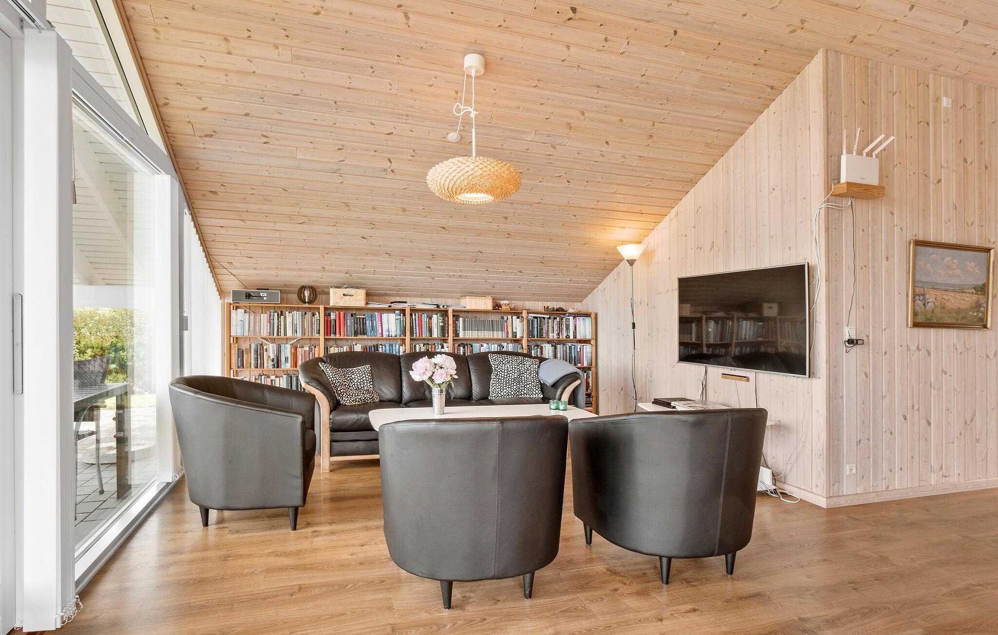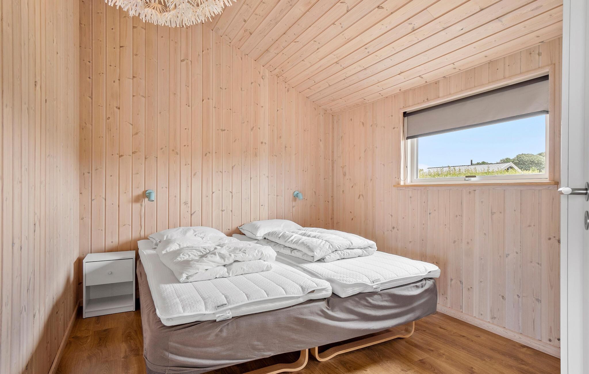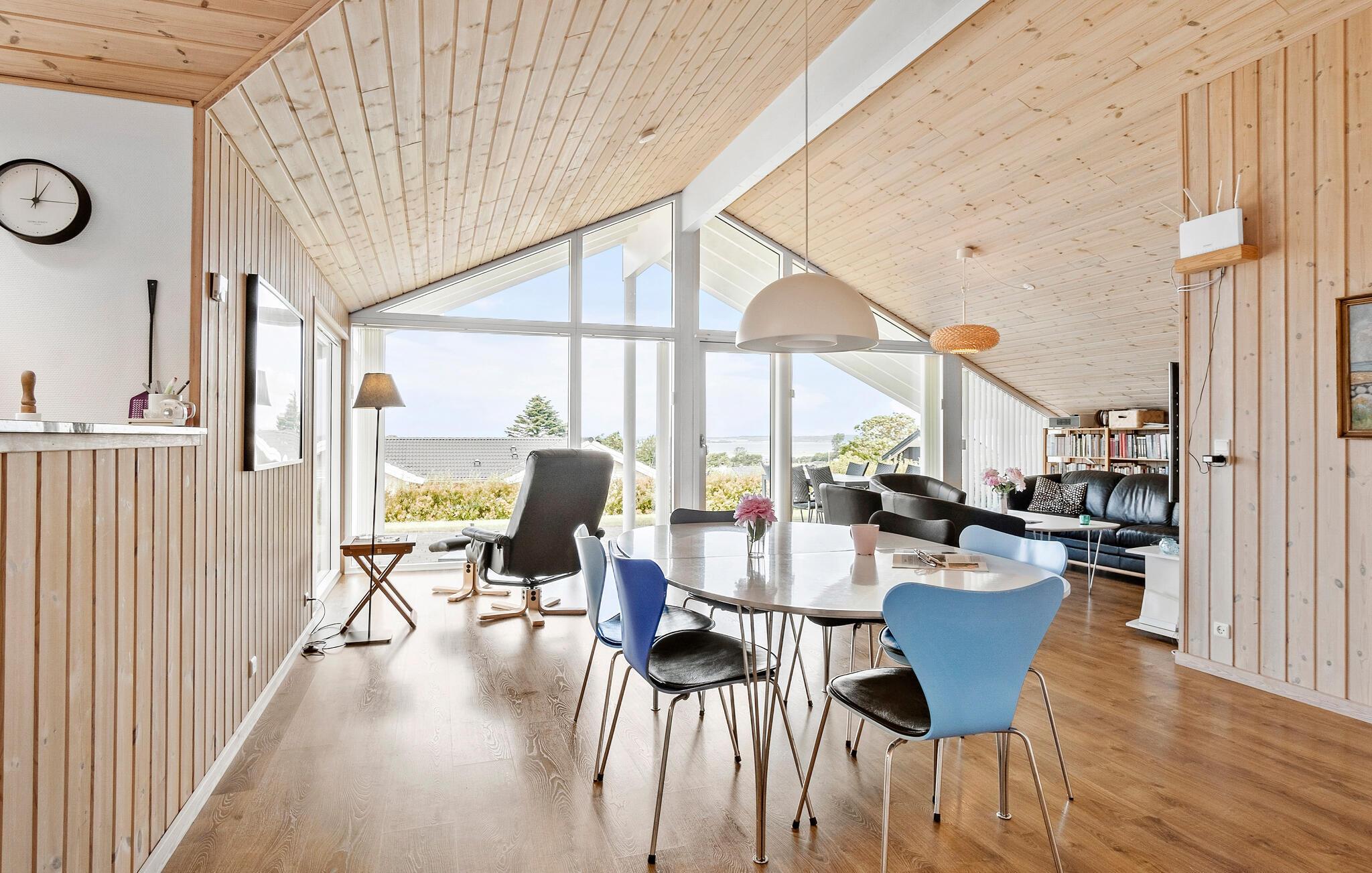 Er I på udkig efter et hyggeligt sommerhus til jeres næste familieferie, så er dette et godt bud. Her får I et hus, som har højt til loftet med træbelagte lofter og vægge. Huset har et skønt lysindfald, da der både er ovenlysvinduer og store vinduespartier med udsigt over vandet og er et af de få huse, som er placeret på en nordvestvendt kyst i det sydfynske øhav. Det bevirker, at den spektakulære solnedgang brager direkte ind i stuen og på terrassen. I det åbne køkken kan I lave lækre retter eller smide jer i sofaen med en god film på tv’et om aftenen. Efter en begivenhedsrig dag kan I forkæle jer selv med en tur i spabadet og derefter i saunaen.
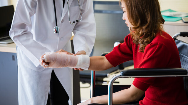 Close-up of man doctor of checking splint the arm of female patient hand due to with her arm broken for better healing with a smile sit in a wheelchair In the room hospital background.
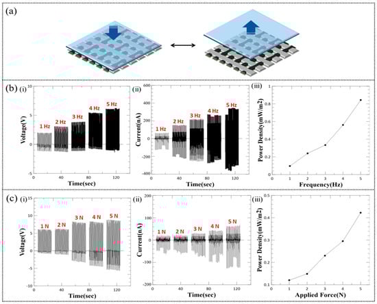 (a) Schematic of WTENG working mechanism under non-deformation mode where PDMS is chosen as the freestanding triboelectric layer. (b) The measured (i) voltage (ii) current and (iii) power density when the WTENG is contacted by the freestanding PDMS layer under varying (b) applied frequencies (1–5 Hz) and (c) contact forces (1–5 N).
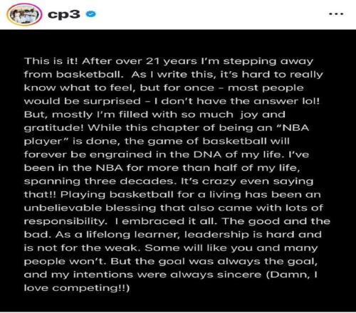 无冕之王!40岁保罗被裁后宣布退役长文深情告别21年NBA生涯
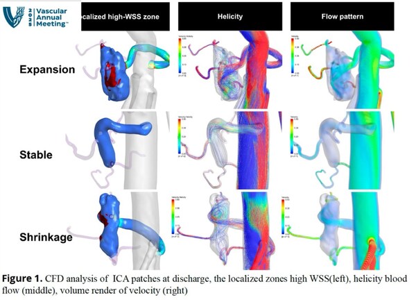 《Intercostal Artery Patch Morphology and Hemodynamics After Thoracoabdominal Aortic Aneurysm Repair: A Long-Term CFD Analysis》,该研究基于上海德达医院 361 例胸腹主动脉替换术后患者CT影像学长期随访数据,首次通过计算流体动力学(CFD)仿真技术,系统分析肋间动脉补片(ICA patch)的形态学与血流动力学动态变化。通过对ICA补片体积、形态和分支吻合角度进行CFD 量化,为临床预测补片扩张/破裂风险提供力学评估模型工具,为优化胸腹主替换手术肋间动脉补片重建提供理论基础。(详细参数略)
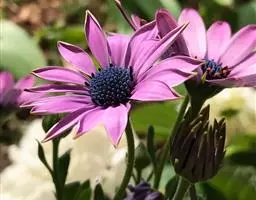 南非万寿菊 南非万寿菊为菊科宿根多年生草本花卉,原产南非,近年来从国外引进我国,作一二年生草花栽培。矮生种株高20-30 cm,茎绿色,头状花序,多数簇生成伞房状,有白、粉、红、紫红、蓝、紫等色,花单瓣,花径5-6cm,种子1000粒重11克左右。同属高生种株高 60cm,为亚灌木,在原产地可作切花栽培。
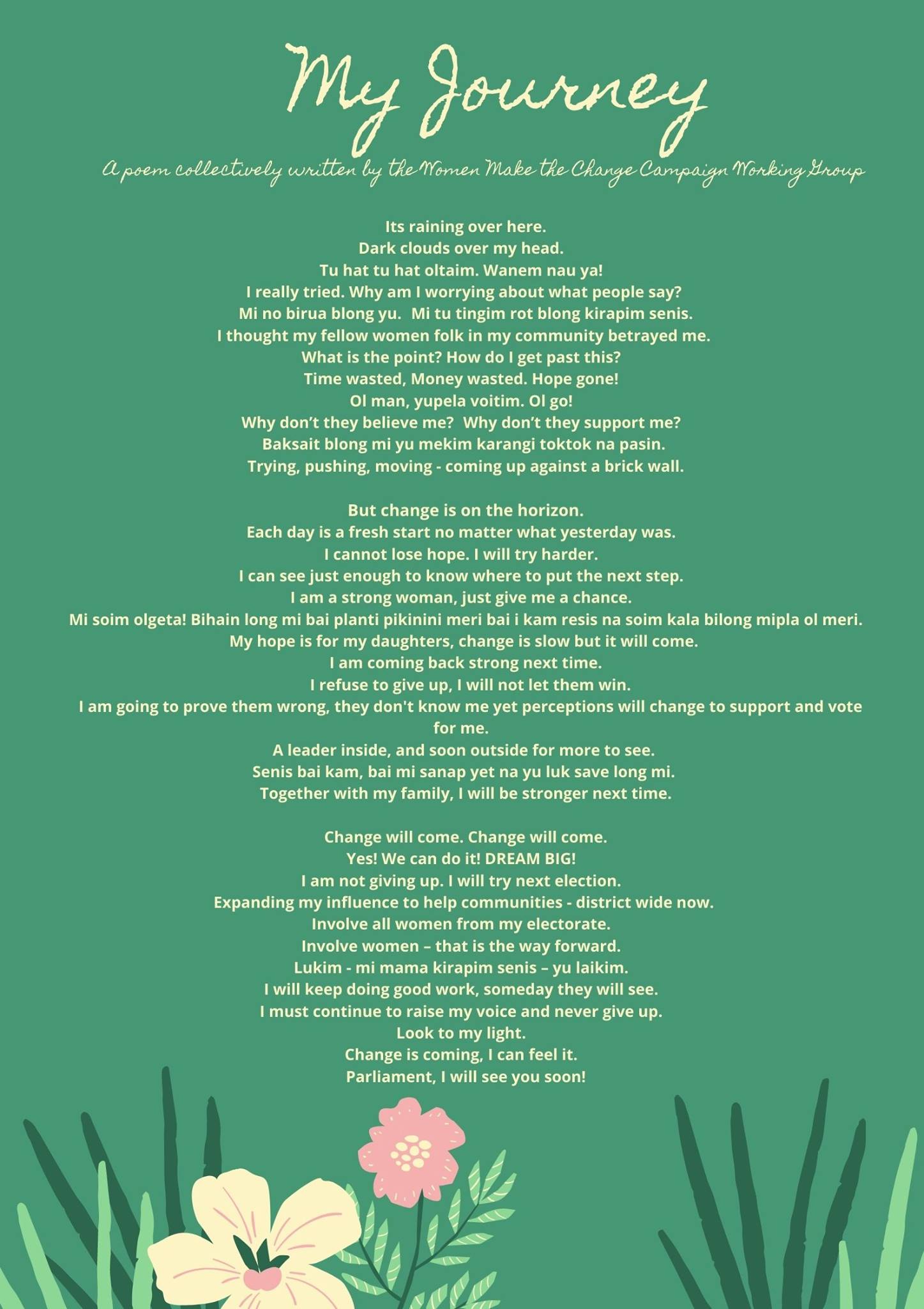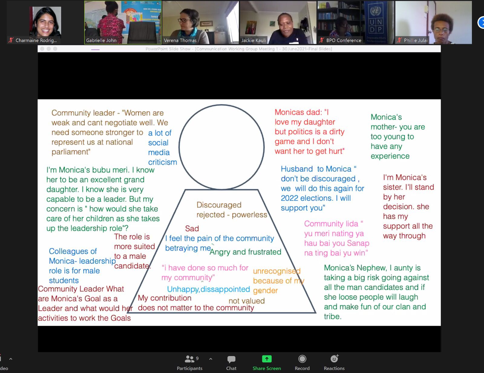 As part of the introductory meeting, the group discussed some of the narratives and perceptions related to women’s leadership in PNG. Through a collective exercise, working group members also co-created a poem on women’s political leadership titled ‘My Journey’, which you can read here.
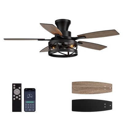 Airsurfer 52" Traditional Pull Chain Ceiling Fan with Iron Light Shade, E12 Bulb, 5 Blades, AC Motor, 3-Speed, Black, Dual Walnut Wood Grain
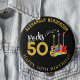Custom Rocks 50 gold modern typography 50th birthday button with musical notes and three cool psychedelic colorful guitar designs on black background. Electric guitar, acoustic guitar and acoustic guitar art illustration in vibrant colors. This easy to use template to change the age and name creates the perfect party button badge to celebrate fifty in rock n roll style and is ideal for a guitarist, musician and music lovers. This cool modern musical instrument design celebrates the music energy of this wonderful musical instrument and is the perfect way to rock a fiftieth birthday celebration. Original artwork by artist Catherine Sweetman
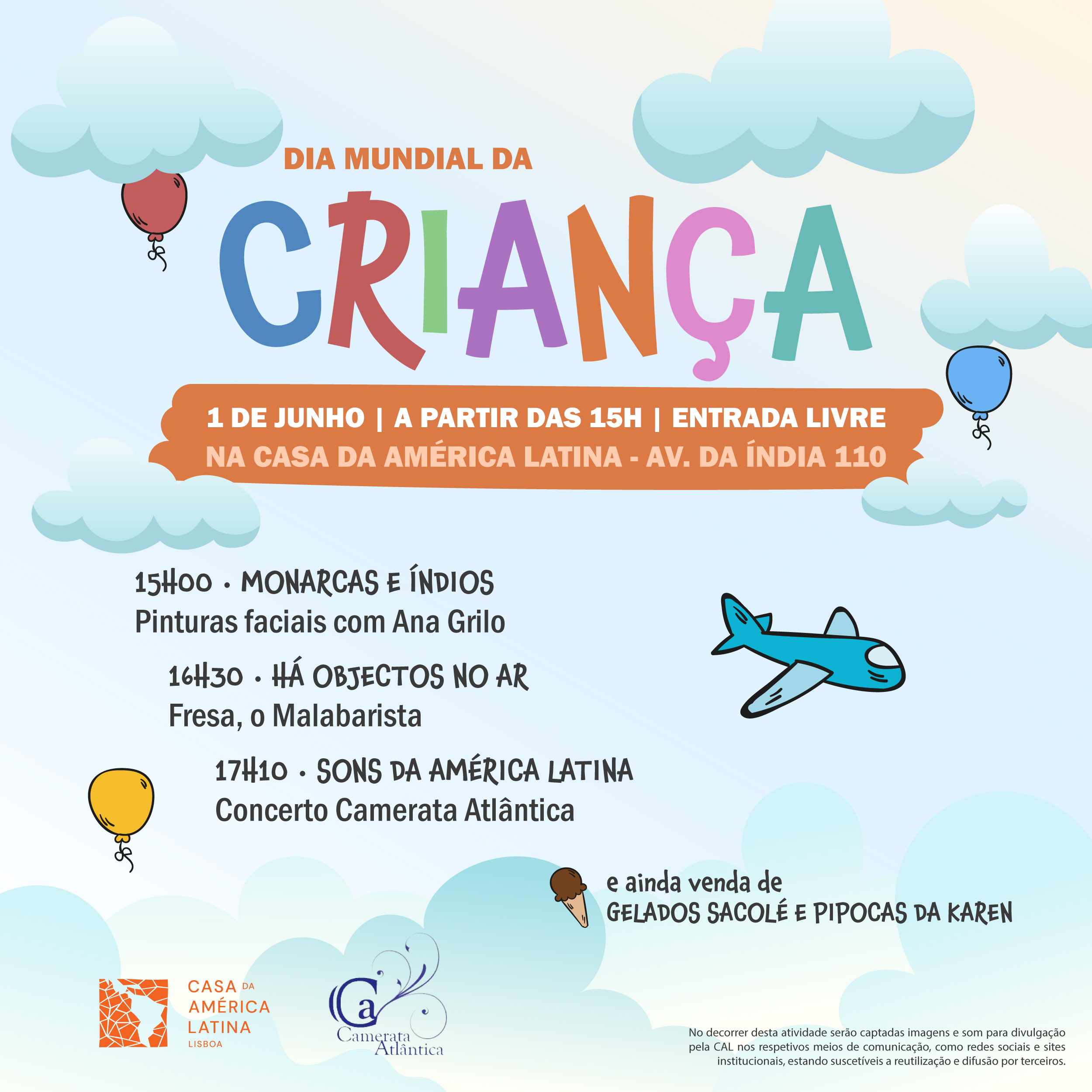 Teremos um programa especial para os mais pequenos, com pinturas faciais, malabarismo e música da América Latina, gelados e pipocas!
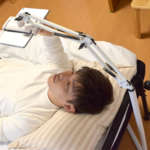 背が高く、しっかりと固定できるスタンドだから、ソファーのそばに置いて動画を見たり、ベッドの脇に置いて寝転びながらスマホやタブレットを使ったりにも便利。また、ポールを1本外して高さを変えれば、机の上などで使うことも可能です。
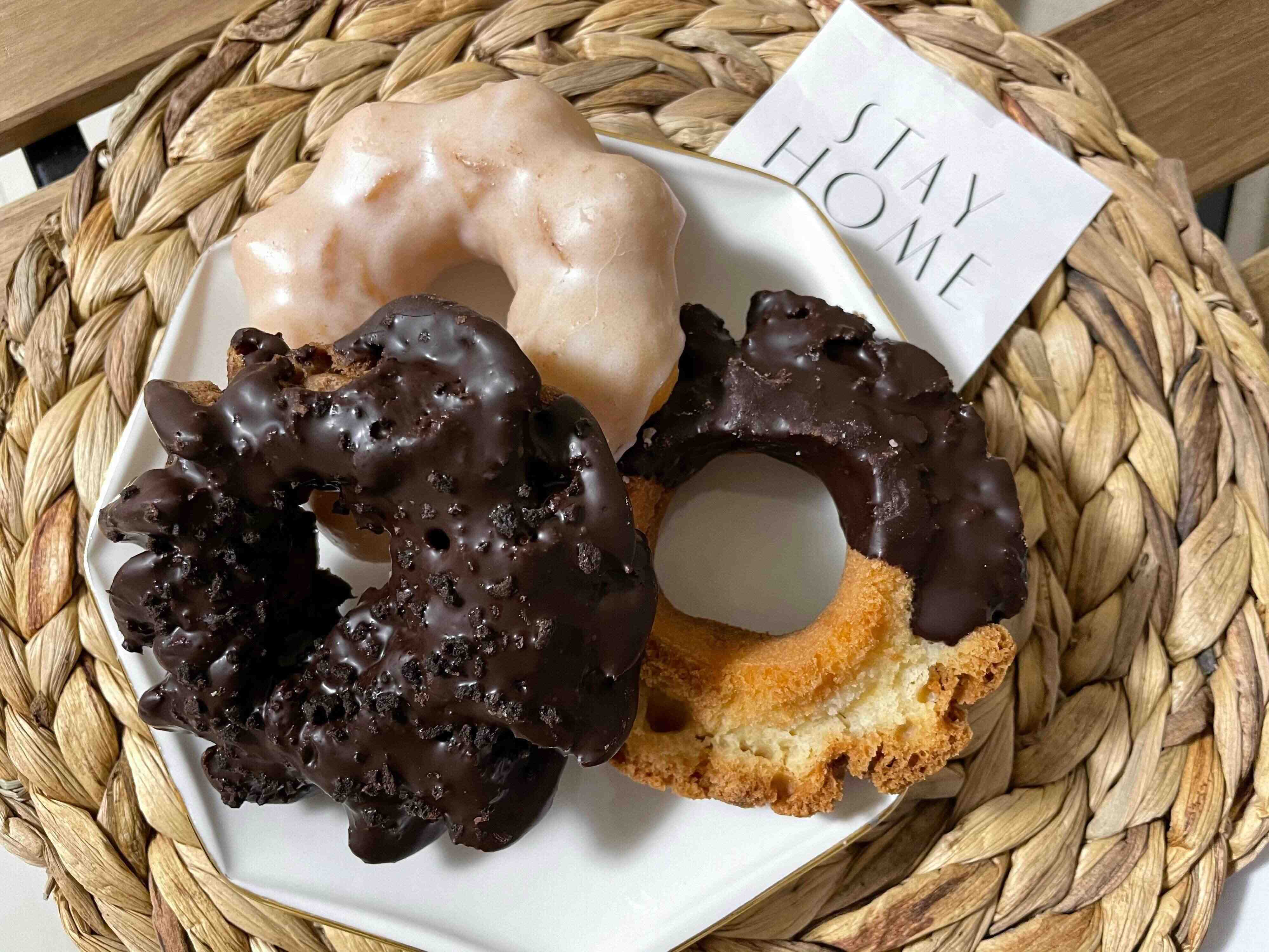 チョコレートがかかったオールドファッション、サクサク食感のクルーラー、もちもちリングシュガーが4個セットに。

------------------------------------------------------------------------

▶ **Task to carry out**: Transcribe, word for word, the stretch of lines in the data above from the one with "Artery Patch Morphology" through the one with "Walnut Wood Grain"; omit all pictures.

▶ **Response for this exercise**:
 《Intercostal Artery Patch Morphology and Hemodynamics After Thoracoabdominal Aortic Aneurysm Repair: A Long-Term CFD Analysis》,该研究基于上海德达医院 361 例胸腹主动脉替换术后患者CT影像学长期随访数据,首次通过计算流体动力学(CFD)仿真技术,系统分析肋间动脉补片(ICA patch)的形态学与血流动力学动态变化。通过对ICA补片体积、形态和分支吻合角度进行CFD 量化,为临床预测补片扩张/破裂风险提供力学评估模型工具,为优化胸腹主替换手术肋间动脉补片重建提供理论基础。(详细参数略)
 南非万寿菊 南非万寿菊为菊科宿根多年生草本花卉,原产南非,近年来从国外引进我国,作一二年生草花栽培。矮生种株高20-30 cm,茎绿色,头状花序,多数簇生成伞房状,有白、粉、红、紫红、蓝、紫等色,花单瓣,花径5-6cm,种子1000粒重11克左右。同属高生种株高 60cm,为亚灌木,在原产地可作切花栽培。
 As part of the introductory meeting, the group discussed some of the narratives and perceptions related to women’s leadership in PNG. Through a collective exercise, working group members also co-created a poem on women’s political leadership titled ‘My Journey’, which you can read here.
 Airsurfer 52" Traditional Pull Chain Ceiling Fan with Iron Light Shade, E12 Bulb, 5 Blades, AC Motor, 3-Speed, Black, Dual Walnut Wood Grain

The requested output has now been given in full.